**THE PROBLEM:** The span to be transcribed begins with the line that contains "学部前身始于1923年中州大" and ends with the last line of the listing; copy it exactly and include nothing else.

++++

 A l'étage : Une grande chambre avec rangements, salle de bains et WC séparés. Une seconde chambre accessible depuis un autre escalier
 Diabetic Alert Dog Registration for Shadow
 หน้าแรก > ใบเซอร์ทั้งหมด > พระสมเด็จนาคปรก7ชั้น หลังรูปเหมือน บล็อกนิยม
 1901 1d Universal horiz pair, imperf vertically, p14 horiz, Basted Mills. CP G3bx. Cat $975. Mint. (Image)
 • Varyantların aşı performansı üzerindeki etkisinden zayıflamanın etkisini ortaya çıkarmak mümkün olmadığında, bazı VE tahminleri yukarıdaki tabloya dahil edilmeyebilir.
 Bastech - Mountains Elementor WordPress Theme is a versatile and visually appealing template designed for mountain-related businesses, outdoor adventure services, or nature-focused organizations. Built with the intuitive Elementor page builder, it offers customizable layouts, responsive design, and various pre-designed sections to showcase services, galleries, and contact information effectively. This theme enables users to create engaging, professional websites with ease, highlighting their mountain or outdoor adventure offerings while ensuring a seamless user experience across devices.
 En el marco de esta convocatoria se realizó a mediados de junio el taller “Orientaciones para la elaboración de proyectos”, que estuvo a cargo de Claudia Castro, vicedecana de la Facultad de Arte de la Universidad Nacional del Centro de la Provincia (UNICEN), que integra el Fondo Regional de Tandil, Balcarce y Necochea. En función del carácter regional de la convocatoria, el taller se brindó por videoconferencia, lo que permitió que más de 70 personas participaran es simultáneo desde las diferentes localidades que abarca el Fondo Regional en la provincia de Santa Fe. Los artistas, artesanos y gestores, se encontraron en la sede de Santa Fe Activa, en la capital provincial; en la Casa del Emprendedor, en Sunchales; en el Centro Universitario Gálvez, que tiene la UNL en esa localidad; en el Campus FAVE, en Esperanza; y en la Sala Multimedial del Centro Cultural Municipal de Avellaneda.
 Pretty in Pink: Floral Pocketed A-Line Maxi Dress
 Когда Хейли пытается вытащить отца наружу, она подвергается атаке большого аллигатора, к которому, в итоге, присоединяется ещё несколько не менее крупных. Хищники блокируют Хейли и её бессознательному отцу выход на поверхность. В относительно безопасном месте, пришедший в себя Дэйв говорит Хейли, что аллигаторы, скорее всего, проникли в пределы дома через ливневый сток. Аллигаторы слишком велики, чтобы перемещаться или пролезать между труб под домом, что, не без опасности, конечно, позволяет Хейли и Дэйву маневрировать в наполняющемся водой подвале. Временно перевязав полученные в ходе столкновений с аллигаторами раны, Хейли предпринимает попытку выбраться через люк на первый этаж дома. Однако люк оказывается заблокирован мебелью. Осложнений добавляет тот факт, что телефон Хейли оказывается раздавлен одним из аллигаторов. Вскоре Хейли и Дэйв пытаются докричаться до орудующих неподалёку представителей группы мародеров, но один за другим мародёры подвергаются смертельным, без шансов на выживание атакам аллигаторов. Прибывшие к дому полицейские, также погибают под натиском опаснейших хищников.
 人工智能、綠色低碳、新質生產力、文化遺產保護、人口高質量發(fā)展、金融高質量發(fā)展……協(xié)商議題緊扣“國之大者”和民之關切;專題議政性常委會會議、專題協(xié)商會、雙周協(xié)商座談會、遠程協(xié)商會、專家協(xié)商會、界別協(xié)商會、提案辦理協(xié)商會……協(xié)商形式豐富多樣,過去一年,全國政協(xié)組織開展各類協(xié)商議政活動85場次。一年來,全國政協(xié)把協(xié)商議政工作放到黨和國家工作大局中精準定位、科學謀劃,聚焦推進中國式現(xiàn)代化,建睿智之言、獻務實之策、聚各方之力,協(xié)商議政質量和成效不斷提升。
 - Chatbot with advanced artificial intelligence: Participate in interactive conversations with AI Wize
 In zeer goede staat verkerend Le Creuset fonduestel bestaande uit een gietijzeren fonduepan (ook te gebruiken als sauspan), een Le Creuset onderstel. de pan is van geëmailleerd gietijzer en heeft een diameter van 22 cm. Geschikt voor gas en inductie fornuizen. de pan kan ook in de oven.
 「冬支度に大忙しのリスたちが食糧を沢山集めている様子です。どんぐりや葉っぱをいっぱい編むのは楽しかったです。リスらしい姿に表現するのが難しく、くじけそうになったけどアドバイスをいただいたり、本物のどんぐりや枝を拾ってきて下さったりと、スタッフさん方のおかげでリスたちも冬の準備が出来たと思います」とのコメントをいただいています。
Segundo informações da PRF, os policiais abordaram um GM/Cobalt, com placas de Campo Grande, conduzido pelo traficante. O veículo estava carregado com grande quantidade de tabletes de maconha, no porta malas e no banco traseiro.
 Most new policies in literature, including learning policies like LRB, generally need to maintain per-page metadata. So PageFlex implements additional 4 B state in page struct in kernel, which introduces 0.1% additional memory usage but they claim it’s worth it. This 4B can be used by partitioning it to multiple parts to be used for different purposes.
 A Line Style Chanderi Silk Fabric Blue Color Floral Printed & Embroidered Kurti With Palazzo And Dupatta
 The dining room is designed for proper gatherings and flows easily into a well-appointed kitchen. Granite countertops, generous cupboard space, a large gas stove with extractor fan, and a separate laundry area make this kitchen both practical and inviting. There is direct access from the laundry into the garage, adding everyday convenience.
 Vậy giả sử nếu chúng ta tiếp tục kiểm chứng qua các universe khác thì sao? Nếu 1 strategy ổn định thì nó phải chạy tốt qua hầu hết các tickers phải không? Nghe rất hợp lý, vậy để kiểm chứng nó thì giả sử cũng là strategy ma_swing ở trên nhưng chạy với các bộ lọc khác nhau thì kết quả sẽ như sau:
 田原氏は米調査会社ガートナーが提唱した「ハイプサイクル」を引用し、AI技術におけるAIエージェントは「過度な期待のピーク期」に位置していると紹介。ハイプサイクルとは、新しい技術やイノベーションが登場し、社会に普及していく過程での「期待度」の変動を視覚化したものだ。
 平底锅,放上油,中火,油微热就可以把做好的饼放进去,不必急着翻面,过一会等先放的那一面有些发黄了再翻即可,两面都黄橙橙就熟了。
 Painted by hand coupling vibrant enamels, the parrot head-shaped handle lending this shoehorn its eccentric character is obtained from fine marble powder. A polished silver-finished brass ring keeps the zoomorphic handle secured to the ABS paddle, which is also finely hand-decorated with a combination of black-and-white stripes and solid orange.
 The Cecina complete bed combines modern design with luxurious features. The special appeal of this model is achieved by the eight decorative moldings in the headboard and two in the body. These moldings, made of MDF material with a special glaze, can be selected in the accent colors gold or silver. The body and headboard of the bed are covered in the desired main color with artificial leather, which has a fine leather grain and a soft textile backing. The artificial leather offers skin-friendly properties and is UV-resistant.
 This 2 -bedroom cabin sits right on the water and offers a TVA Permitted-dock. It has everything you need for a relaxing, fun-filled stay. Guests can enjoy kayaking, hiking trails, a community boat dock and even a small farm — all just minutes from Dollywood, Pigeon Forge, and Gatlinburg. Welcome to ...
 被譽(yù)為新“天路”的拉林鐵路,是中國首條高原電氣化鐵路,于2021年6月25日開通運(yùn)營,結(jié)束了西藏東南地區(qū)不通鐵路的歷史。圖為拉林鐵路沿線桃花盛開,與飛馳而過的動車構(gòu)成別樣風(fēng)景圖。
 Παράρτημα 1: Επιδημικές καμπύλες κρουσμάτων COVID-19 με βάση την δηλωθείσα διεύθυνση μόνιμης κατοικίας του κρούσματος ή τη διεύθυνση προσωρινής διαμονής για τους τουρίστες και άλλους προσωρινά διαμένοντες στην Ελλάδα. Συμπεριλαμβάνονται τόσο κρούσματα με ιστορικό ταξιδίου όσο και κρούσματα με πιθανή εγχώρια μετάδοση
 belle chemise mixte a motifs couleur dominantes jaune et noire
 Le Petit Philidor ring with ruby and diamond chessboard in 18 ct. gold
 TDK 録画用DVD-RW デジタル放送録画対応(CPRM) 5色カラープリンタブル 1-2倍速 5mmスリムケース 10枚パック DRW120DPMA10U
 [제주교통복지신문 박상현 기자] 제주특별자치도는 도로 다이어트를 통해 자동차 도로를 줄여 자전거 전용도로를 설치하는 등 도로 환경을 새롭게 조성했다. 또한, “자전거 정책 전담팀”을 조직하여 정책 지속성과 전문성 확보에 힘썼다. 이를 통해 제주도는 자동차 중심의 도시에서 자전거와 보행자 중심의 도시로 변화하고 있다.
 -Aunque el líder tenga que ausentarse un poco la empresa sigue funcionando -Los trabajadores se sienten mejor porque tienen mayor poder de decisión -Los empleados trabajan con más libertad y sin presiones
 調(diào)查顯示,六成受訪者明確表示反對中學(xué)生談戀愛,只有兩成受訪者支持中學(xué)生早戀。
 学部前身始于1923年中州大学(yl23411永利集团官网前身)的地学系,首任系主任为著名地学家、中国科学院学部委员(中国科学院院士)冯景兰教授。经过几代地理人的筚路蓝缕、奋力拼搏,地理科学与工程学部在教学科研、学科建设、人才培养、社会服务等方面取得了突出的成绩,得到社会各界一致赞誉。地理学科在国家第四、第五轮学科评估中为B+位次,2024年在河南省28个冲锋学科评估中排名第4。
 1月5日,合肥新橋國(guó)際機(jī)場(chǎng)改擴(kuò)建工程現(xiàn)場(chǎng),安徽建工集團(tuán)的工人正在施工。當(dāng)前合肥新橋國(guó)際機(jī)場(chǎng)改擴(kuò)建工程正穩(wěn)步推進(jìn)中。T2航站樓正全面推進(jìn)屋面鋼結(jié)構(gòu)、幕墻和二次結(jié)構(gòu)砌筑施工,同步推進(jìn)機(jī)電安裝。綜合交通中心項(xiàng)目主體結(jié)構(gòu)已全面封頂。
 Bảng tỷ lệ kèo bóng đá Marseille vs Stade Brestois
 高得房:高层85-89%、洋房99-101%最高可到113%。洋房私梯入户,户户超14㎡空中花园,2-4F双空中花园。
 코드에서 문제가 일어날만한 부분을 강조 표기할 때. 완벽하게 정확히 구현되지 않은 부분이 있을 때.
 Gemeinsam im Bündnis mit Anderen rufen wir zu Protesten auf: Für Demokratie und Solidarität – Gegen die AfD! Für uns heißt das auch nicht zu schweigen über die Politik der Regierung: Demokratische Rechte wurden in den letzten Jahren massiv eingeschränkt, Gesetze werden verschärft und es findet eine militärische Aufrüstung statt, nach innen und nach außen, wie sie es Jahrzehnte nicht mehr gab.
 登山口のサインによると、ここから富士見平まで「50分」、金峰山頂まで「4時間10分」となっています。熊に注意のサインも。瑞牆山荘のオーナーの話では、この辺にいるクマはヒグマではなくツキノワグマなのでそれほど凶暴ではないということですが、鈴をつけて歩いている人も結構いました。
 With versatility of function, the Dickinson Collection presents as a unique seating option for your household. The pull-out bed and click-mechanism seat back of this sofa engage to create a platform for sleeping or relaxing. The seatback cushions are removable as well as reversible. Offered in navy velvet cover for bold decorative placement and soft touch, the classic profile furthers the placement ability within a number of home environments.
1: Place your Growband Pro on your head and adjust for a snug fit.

++++

**REPLY TO THE EXERCISE:**
 学部前身始于1923年中州大学(yl23411永利集团官网前身)的地学系,首任系主任为著名地学家、中国科学院学部委员(中国科学院院士)冯景兰教授。经过几代地理人的筚路蓝缕、奋力拼搏,地理科学与工程学部在教学科研、学科建设、人才培养、社会服务等方面取得了突出的成绩,得到社会各界一致赞誉。地理学科在国家第四、第五轮学科评估中为B+位次,2024年在河南省28个冲锋学科评估中排名第4。
 1月5日,合肥新橋國(guó)際機(jī)場(chǎng)改擴(kuò)建工程現(xiàn)場(chǎng),安徽建工集團(tuán)的工人正在施工。當(dāng)前合肥新橋國(guó)際機(jī)場(chǎng)改擴(kuò)建工程正穩(wěn)步推進(jìn)中。T2航站樓正全面推進(jìn)屋面鋼結(jié)構(gòu)、幕墻和二次結(jié)構(gòu)砌筑施工,同步推進(jìn)機(jī)電安裝。綜合交通中心項(xiàng)目主體結(jié)構(gòu)已全面封頂。
 Bảng tỷ lệ kèo bóng đá Marseille vs Stade Brestois
 高得房:高层85-89%、洋房99-101%最高可到113%。洋房私梯入户,户户超14㎡空中花园,2-4F双空中花园。
 코드에서 문제가 일어날만한 부분을 강조 표기할 때. 완벽하게 정확히 구현되지 않은 부분이 있을 때.
 Gemeinsam im Bündnis mit Anderen rufen wir zu Protesten auf: Für Demokratie und Solidarität – Gegen die AfD! Für uns heißt das auch nicht zu schweigen über die Politik der Regierung: Demokratische Rechte wurden in den letzten Jahren massiv eingeschränkt, Gesetze werden verschärft und es findet eine militärische Aufrüstung statt, nach innen und nach außen, wie sie es Jahrzehnte nicht mehr gab.
 登山口のサインによると、ここから富士見平まで「50分」、金峰山頂まで「4時間10分」となっています。熊に注意のサインも。瑞牆山荘のオーナーの話では、この辺にいるクマはヒグマではなくツキノワグマなのでそれほど凶暴ではないということですが、鈴をつけて歩いている人も結構いました。
 With versatility of function, the Dickinson Collection presents as a unique seating option for your household. The pull-out bed and click-mechanism seat back of this sofa engage to create a platform for sleeping or relaxing. The seatback cushions are removable as well as reversible. Offered in navy velvet cover for bold decorative placement and soft touch, the classic profile furthers the placement ability within a number of home environments.
1: Place your Growband Pro on your head and adjust for a snug fit.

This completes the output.